Contemplar el vacío

En un retiro de mindfulness al que he asistido recientemente he conocido de la mano del profesor Christopher Willard  el concepto de “espacio negativo” que en la cultura japonesa se denomina “Ma”. El término se refiere al espacio vacío entre objetos, el silencio entre los sonidos o las notas musicales, o los huecos o intervalos en nuestra percepción. Los artistas japoneses y también de otras culturas han explorado y valorado mucho este espacio vacío. En Japón, podemos apreciar el interés por el “Ma” en la pintura, la poesía, el arte de decorar las habitaciones (“tokonoma”), de presentar las flores (“ikebana”), o en la distancia entre contrincantes en el kárate. Según la artista Donna Canning  “Ma es el tiempo y el espacio fundamentales que la vida necesita para crecer”, de manera que las pausas y los espacios vacíos en nuestra vida se entienden como necesarios para progresar, para sentir la cualidad de la experiencia y acceder a la creatividad, la libertad, o la conciencia de lo que necesitamos mejorar.

Este Ma como “intervalo que da forma al todo” (Alan Fletcher) no tiene equivalente en inglés o en español. De hecho, en Occidente asistimos a una época en la que tendemos a completar todo el tiempo con actividad ininterrumpida y con reuniones, tanto el trabajo como el ocio, a llenar todo el tiempo de imágenes, palabras, mensajes, música, sonidos (con frecuencia en paralelo, atendiendo a varias actividades, conversaciones o imágenes simultáneamente, estimulando varias modalidades sensoriales), y cada vez nos cuesta más reservar espacio y tiempo para el silencio.
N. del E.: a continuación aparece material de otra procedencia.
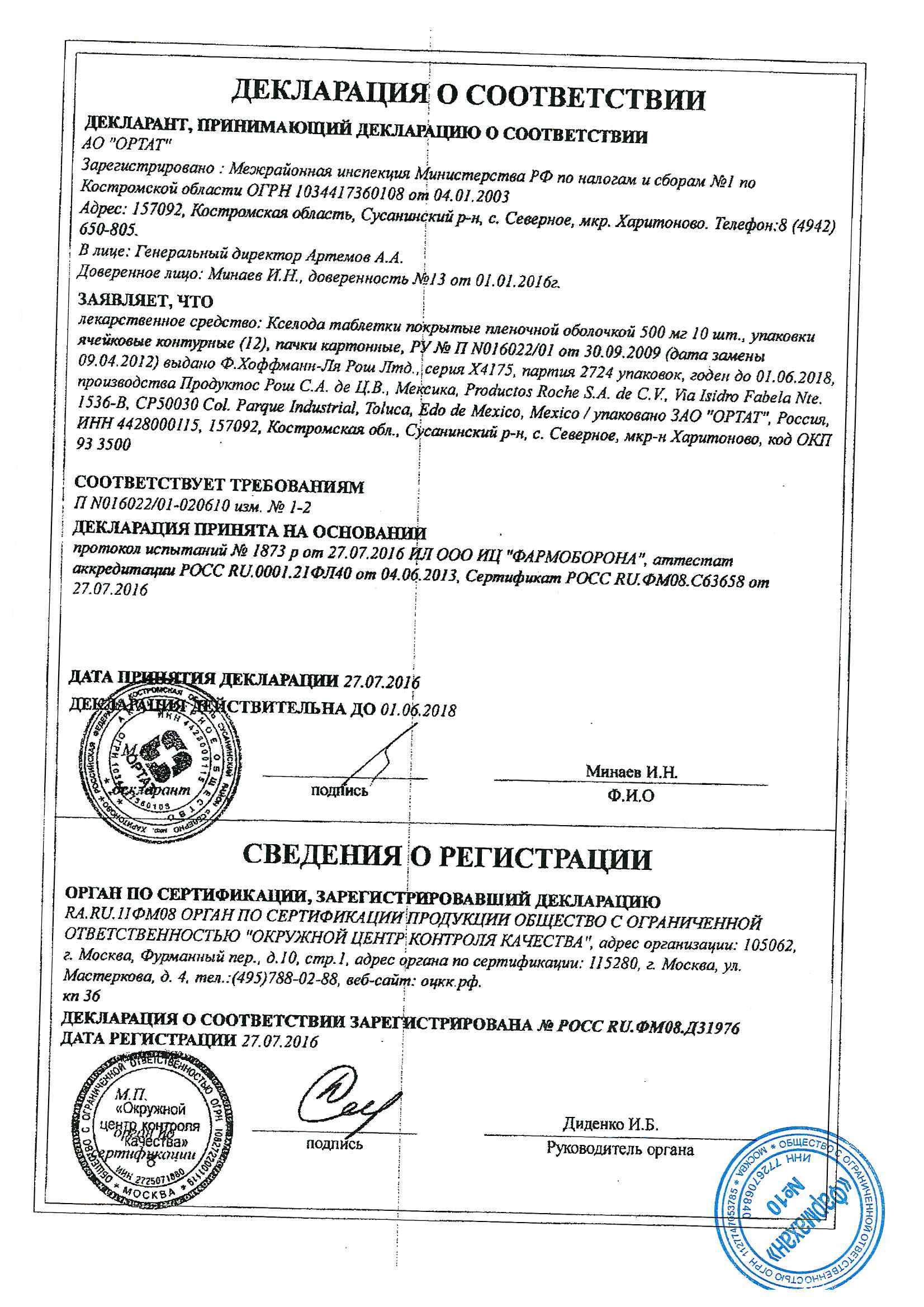 | Кселода 500 мг таблетки оригинал Европа №120 | Германия | 47 900 руб. | 120 таблеток по 500мг |
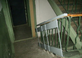 У пандуса отсутствуют поручни, бортики и тактильно-контрастные наземные указатели при подходе к лестничному маршу.
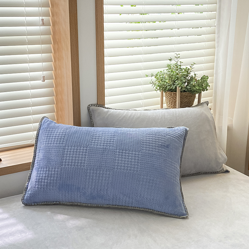 商品名称:(总)桃子家居 2024新款A类无印ins华夫格提花烂花雕花剪花三角贝壳边工艺加厚牛奶绒枕套
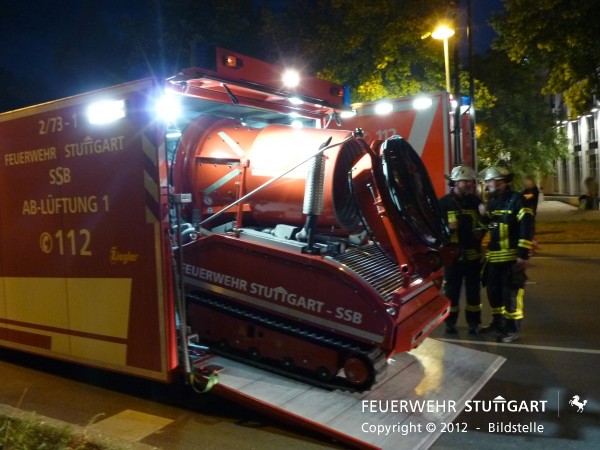 Mit einem Löschunterstützungsfahrzeug (LUF) und weiterem Belüftungsgeräten wurde im Anschluss der verrauchte Bereich belüftet und den Mitarbeitern der SSB und der Polizei der Zugang ermöglicht.
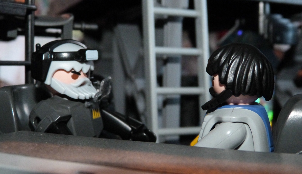 Captain Zork: "Zwei Mann sichern den Transporter. Eliminieren Sie das Ziel, wenn es nicht kooperiert! Schotti - Energie!"
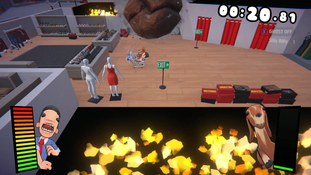 Join man and goat in this chaotic, award-winning couch-co-op adventure! Tackle outlandish obstacle courses, complete rewarding challenges and dodge deadly obstacles in a hectic race to the checkout! Packed with a frantic 38 stage campaign and 3 hilariously fun PvP party modes for 2-8 players.
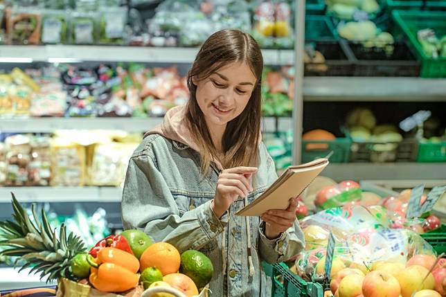 在購買密封完整包裝食品時,應先確認包裝上是否有明確標示內容物名稱、有效日期、廠商名稱、地址、電話,以及原產地、營養標示等資訊。其中,營養標示還須標示出熱量及營養素含量,內容物要從含量高的成分依序列出,民眾可從標示順序判斷出內容物含量的多寡。
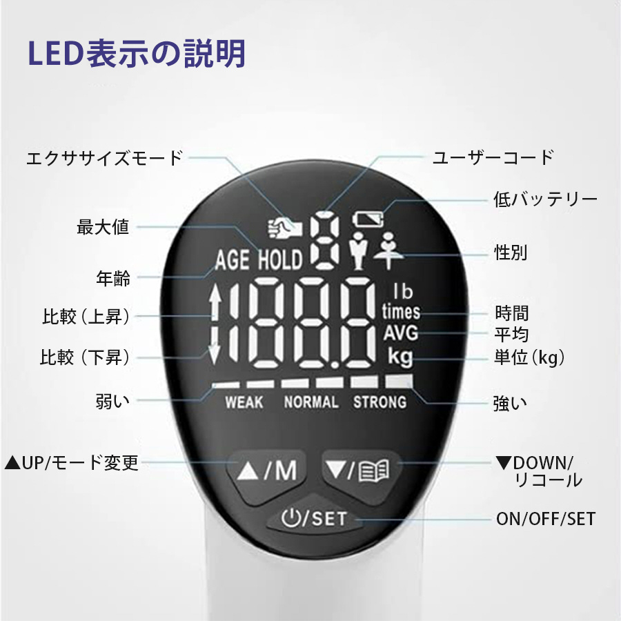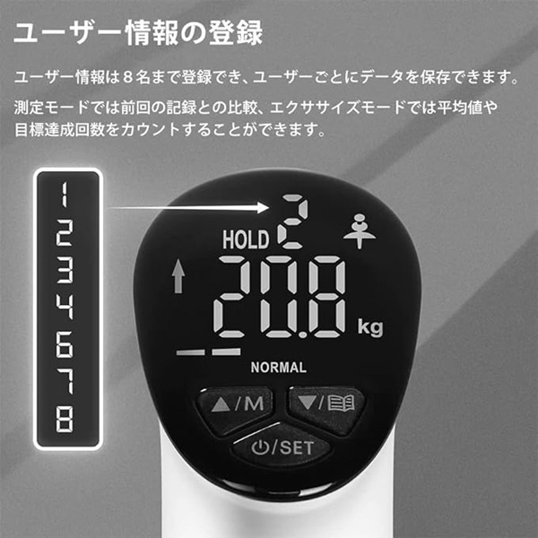 ユーザーコード、性別、年齢、単位、目標強度値などのユーザー情報を最大8名まで登録できます。
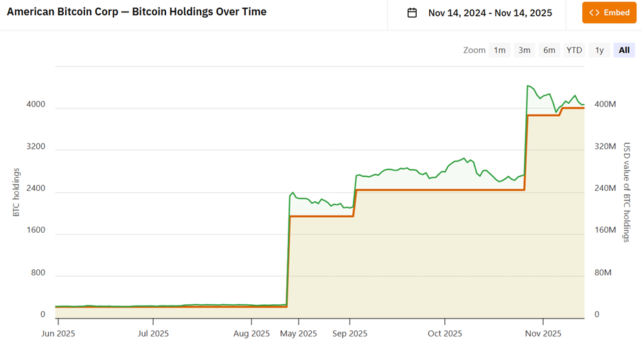 Трамп принаймні реалізує свою філософію на практиці. Майнінгова компанія American Bitcoin, яку він очолює, яка вийшла на біржу на початку цього року шляхом зворотного злиття з Gryphon Digital Mining, додала понад 3000 BTC у третьому кварталі, довівши свої загальні активи до понад 4000 BTC.
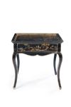 Mesita auxiliar estilo Luis XV en madera ebonizada con decoración de chinoseries con detalles en dorado y cajón en cintura.

Incluso hemos llegado a tener una consideración negativa del silencio como aburrimiento o inseguridad y de la pausa como holgazanería.

 

Últimamente me está resultando muy interesante empezar a ser más consciente de la posibilidad de explorar este espacio vacío que existe en nuestras vidas.

Durante mucho tiempo, al meditar, he estado buscando un ancla, las sensaciones al respirar, el latido del corazón, los sonidos, el movimiento de las hojas de los árboles… He tendido a centrarme en el contenido de las experiencias que nos llegan a través de los sentidos, contemplándolas, o bien observando los diferentes tipos de pensamientos que visitaban mi conciencia… Sin embargo, últimamente me está resultando muy interesante empezar a ser más consciente de la posibilidad de explorar este espacio vacío que existe en nuestras vidas, resistiéndome a la tendencia a llenarlo de trabajo, música, películas, conversaciones de Whatsapp, etc. El silencio y el vacío estaban ahí para ser conocidos a pesar de que llevaba mucho tiempo ignorándolos. La velocidad de nuestra forma de vida eclipsa esos espacios de conciencia y crecimiento. Sólo cuando nos ocurre algo serio (una pérdida, una enfermedad grave…) nos encontramos con el vacío sin previo aviso y sin preparación. Pero los huecos están a nuestro alrededor todo el tiempo. En un claro entre los árboles. En el espacio entre las hojas. En una grieta. En una arruga. En el intervalo entre la inhalación y la exhalación. En el hueco entre un paso y el próximo (si somos capaces de caminar más despacio). En la transición entre una actividad cotidiana y la siguiente. En el anhelo de aquello que hemos perdido o que nos falta, en lo más hondo de la frustración, en lo que sentimos que necesitamos para estar completos, en la distancia que nos separa de nuestros seres queridos.